Search for gamma ray burst counterparts

Abstract

The confident detection of a Gamma Ray Burst counterpart would likely provide the much needed breakthrough in our understanding of the cause and site of bursts. As such, a lot of work has been expended since the early 1970’s in attempts to find bursts at energies below 2 keV. These searches can be divided based on the wavelength and the time (since the burst) of observation. Searches have been made in the soft x‐ray, ultraviolet, optical, infrared, and radio bands. The counterpart might be detected while flaring (during the burst), while fading (soon after the burst), or in quiescence (long after the burst). This review gives an extensive bibliography and summary of these results. This review also highlights five recent results: First, in the last several years the speed of burst position measures has greatly increased, and this has allowed for deep, fading counterpart searches within roughly a day of the burst, although no counterparts have been identified. Second, the lack of galaxies and active galactic nuclei in small error boxes puts severe constraints on any extragalactic model. Third, a consensus has developed that the optical transient images inside small burst error regions on archival photographs are of real astrophysical flares, however the relationship of these events to the burst phenomenon is unclear.

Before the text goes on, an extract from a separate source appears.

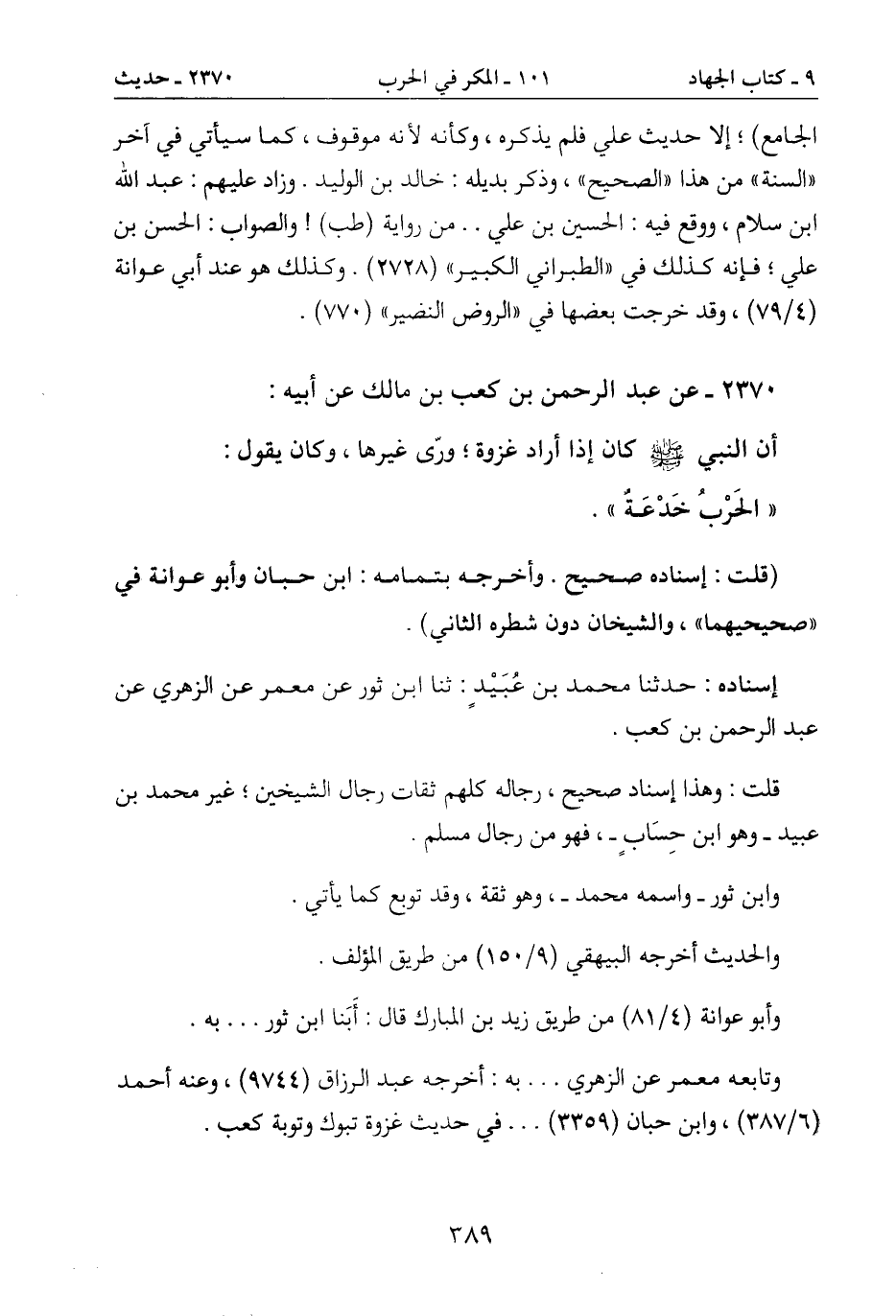 أن النبي صَلَّى اللَّهُ عَلَيْهِ وَسَلَّمَ كان إذا أراد غزوة؛ ورّى غيرها، وكان يقول:

Fourth, a study of the ROSAT all‐sky survey data has been unable to reproduce the detection of ‘ultrasoft transients.’ Fifth, the recent discovery of counterparts for Soft Gamma Repeaters has identified the type of system (a young and magnetized neutron star in a supernova remnant) out of the many possibilities, and this advance should provide strong encouragement in the search for classical burst counterparts. Several ideas for future instrumentation offers good hope that the burst distance scale will be resolved with counterparts. One such idea is that a cosmological distance could be confirmed by observing a delay of the radio burst caused by dispersion. Another idea is to detect counterparts by hooking sensitive telescopes up to the BATSE and HETE data steams so that they can look in the right direction during the burst. A third idea is that if the soft x‐ray burst spectra can be measured, then the derived column density of the intervening neutral gas will uniquely identify the burst distance scale.